__PROBLEM TO WORK ON__. For the entries that follow, produce an exact copy with no pictures in it.

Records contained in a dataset
------------------------------------
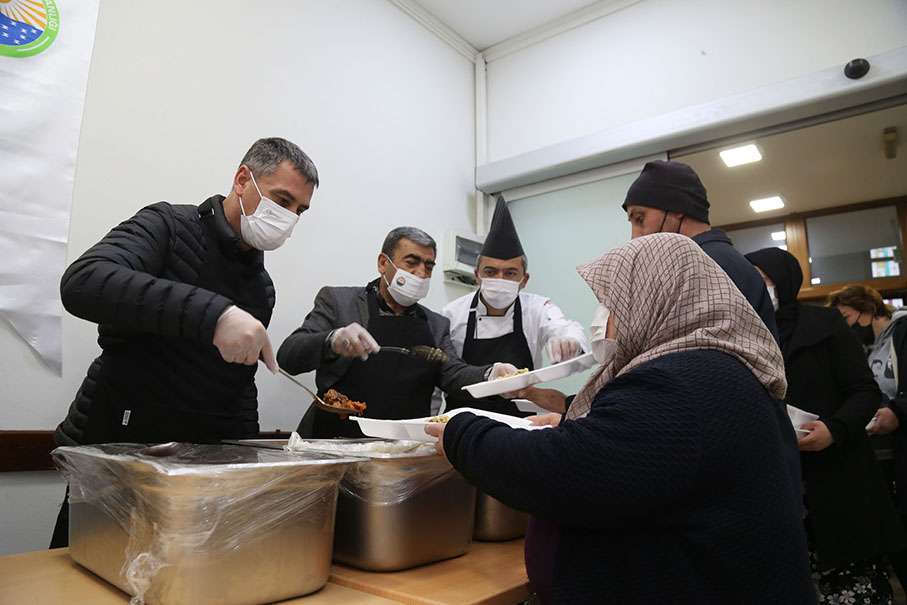 Gölbaşı Belediye Başkanı Ramazan Şimşek, kazanların başına geçerek vatandaşlara iftar yemeği dağıttı.
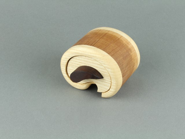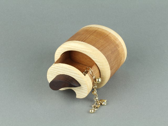 8,5 cm genişlik, 9 cm derinlik, 7 cm yüksekliğinde sapelli ve kiraz ağacından tamamı el yapımı özel tasarım kutu
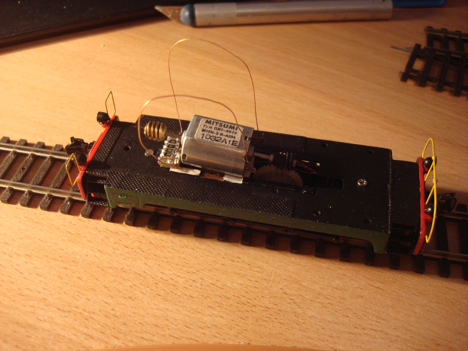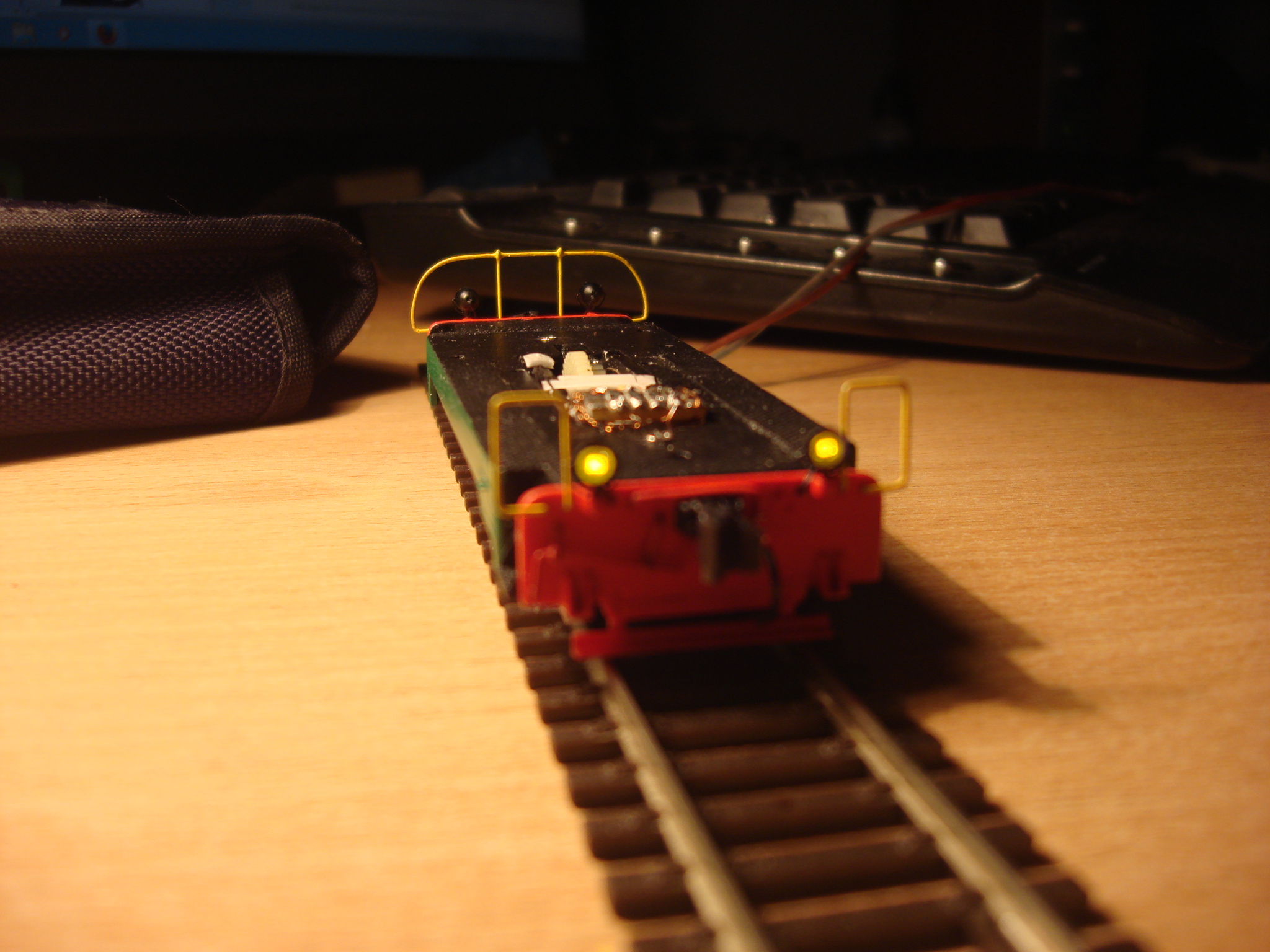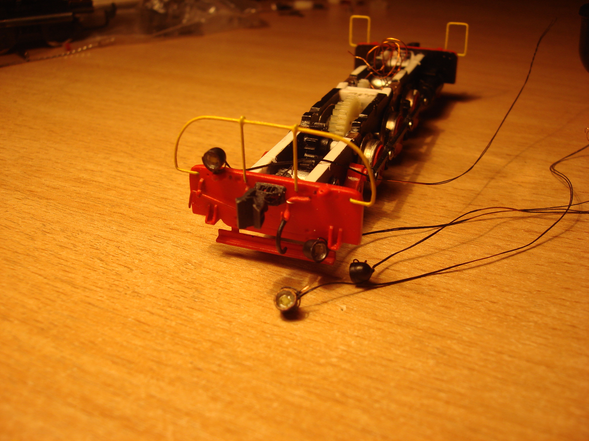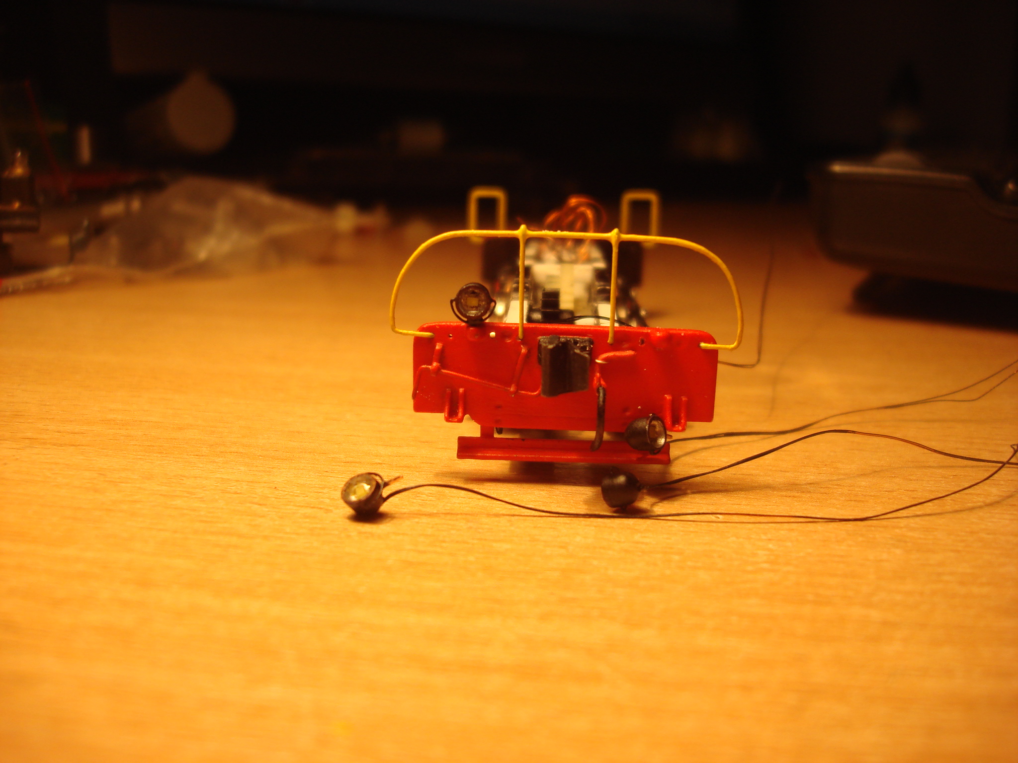 Подключил освещение. Пришлось покрасить диоды желтой краской. Теперь не так ярко светят и немного теплее оттенок. На очереди обмоторивание.
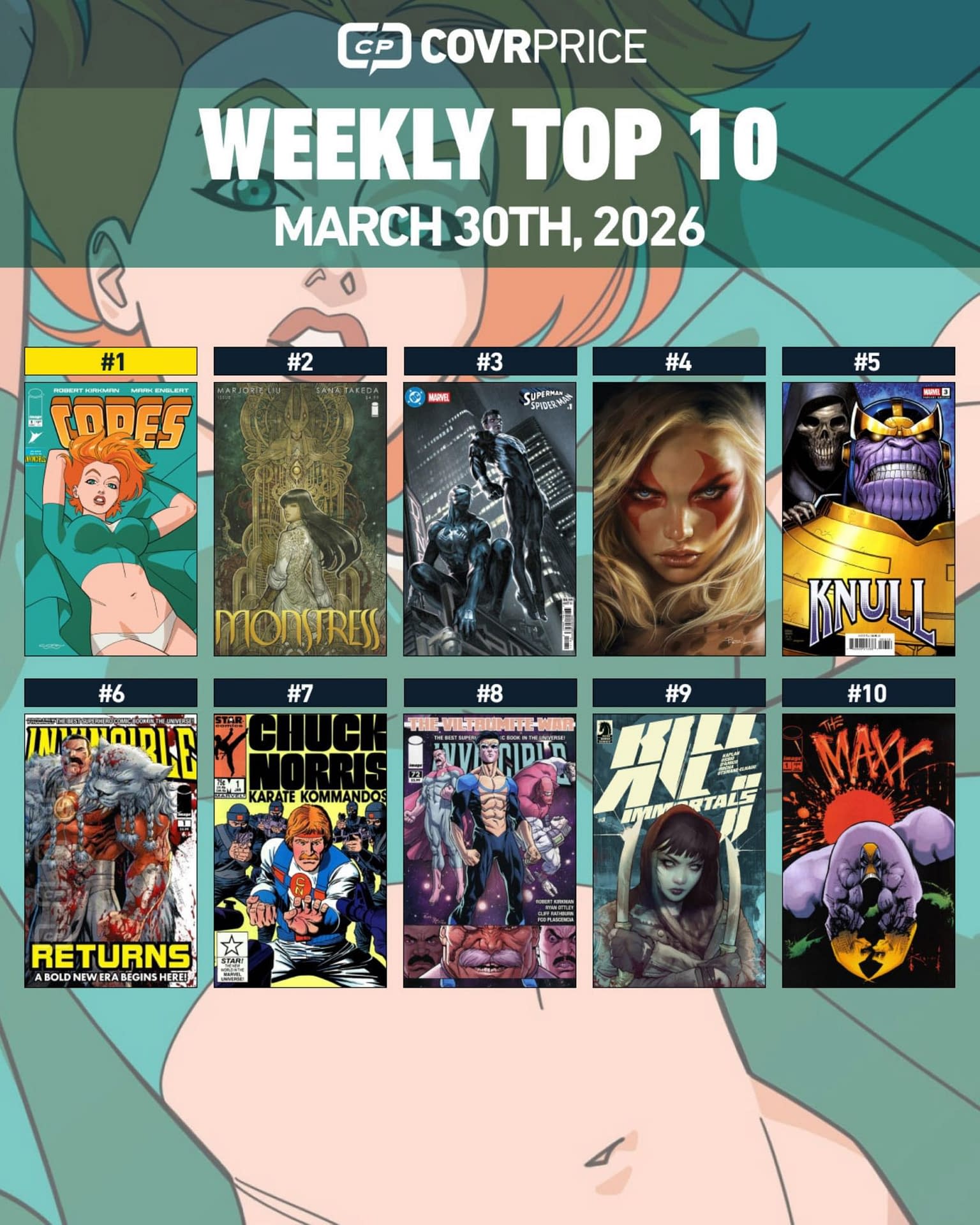 Disclaimer: CovrPrice's Top 10 list is automatically generated from real aftermarket sales data and is not manually curated. It reflects the week's top trending comic books based on a weighted mix of sales volume and price movement. This list is not a recommendation on what to buy. It simply shows what collectors are actively purchasing online and how those choices shape the market for the week ending Sunday, March 29th, 2026.
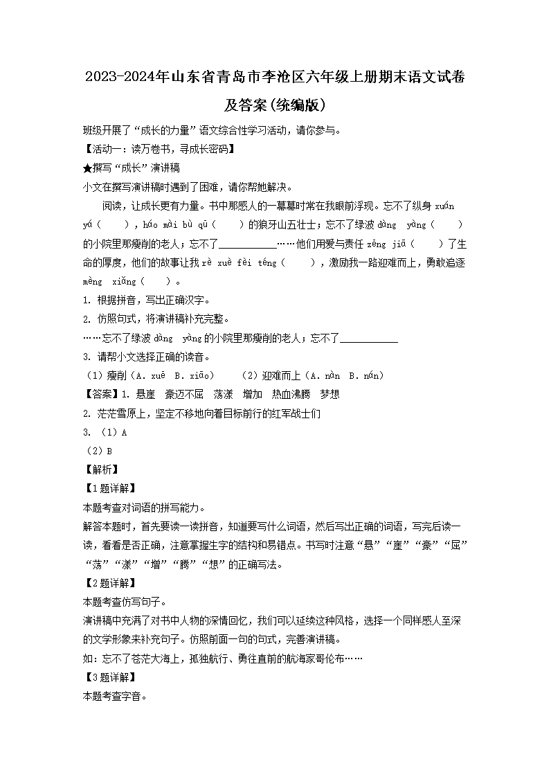 【文档预览】 无忧考网整理发布2023-2024年山东省青岛市李沧区六年级上册期末语文试卷及答案(统编版)(Word版),前五页预览如下:
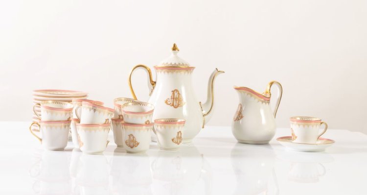 Bordo decorato esternamente da una sottile fascia rosa. Decorazioni di filettature e rifiniture in oro. Sulla circonferenza esterna decorazione di monogrammi. Servizio per 12 persone composto da caffettiera, lattiera, 12 tazzine con 12 piattini. Marchio stampato GINORI in verde.
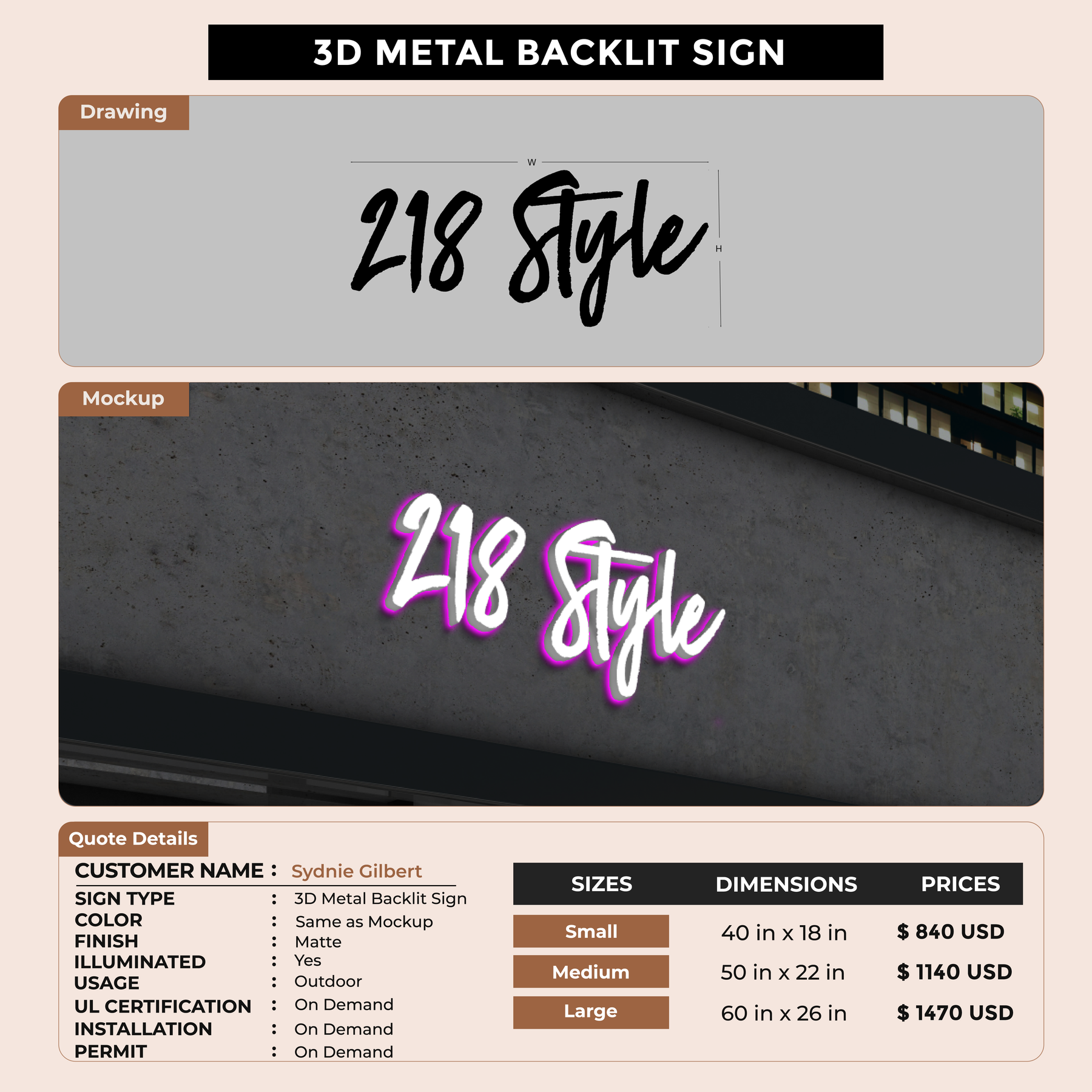 Crafted with premium material, this signage will elevate your business image, precisely mirroring your logo for a professional look.
------------------------------------
__ANSWER BOX__.
 Gölbaşı Belediye Başkanı Ramazan Şimşek, kazanların başına geçerek vatandaşlara iftar yemeği dağıttı.
 8,5 cm genişlik, 9 cm derinlik, 7 cm yüksekliğinde sapelli ve kiraz ağacından tamamı el yapımı özel tasarım kutu
 Подключил освещение. Пришлось покрасить диоды желтой краской. Теперь не так ярко светят и немного теплее оттенок. На очереди обмоторивание.
 Disclaimer: CovrPrice's Top 10 list is automatically generated from real aftermarket sales data and is not manually curated. It reflects the week's top trending comic books based on a weighted mix of sales volume and price movement. This list is not a recommendation on what to buy. It simply shows what collectors are actively purchasing online and how those choices shape the market for the week ending Sunday, March 29th, 2026.
 【文档预览】 无忧考网整理发布2023-2024年山东省青岛市李沧区六年级上册期末语文试卷及答案(统编版)(Word版),前五页预览如下:
 Bordo decorato esternamente da una sottile fascia rosa. Decorazioni di filettature e rifiniture in oro. Sulla circonferenza esterna decorazione di monogrammi. Servizio per 12 persone composto da caffettiera, lattiera, 12 tazzine con 12 piattini. Marchio stampato GINORI in verde.
 Crafted with premium material, this signage will elevate your business image, precisely mirroring your logo for a professional look.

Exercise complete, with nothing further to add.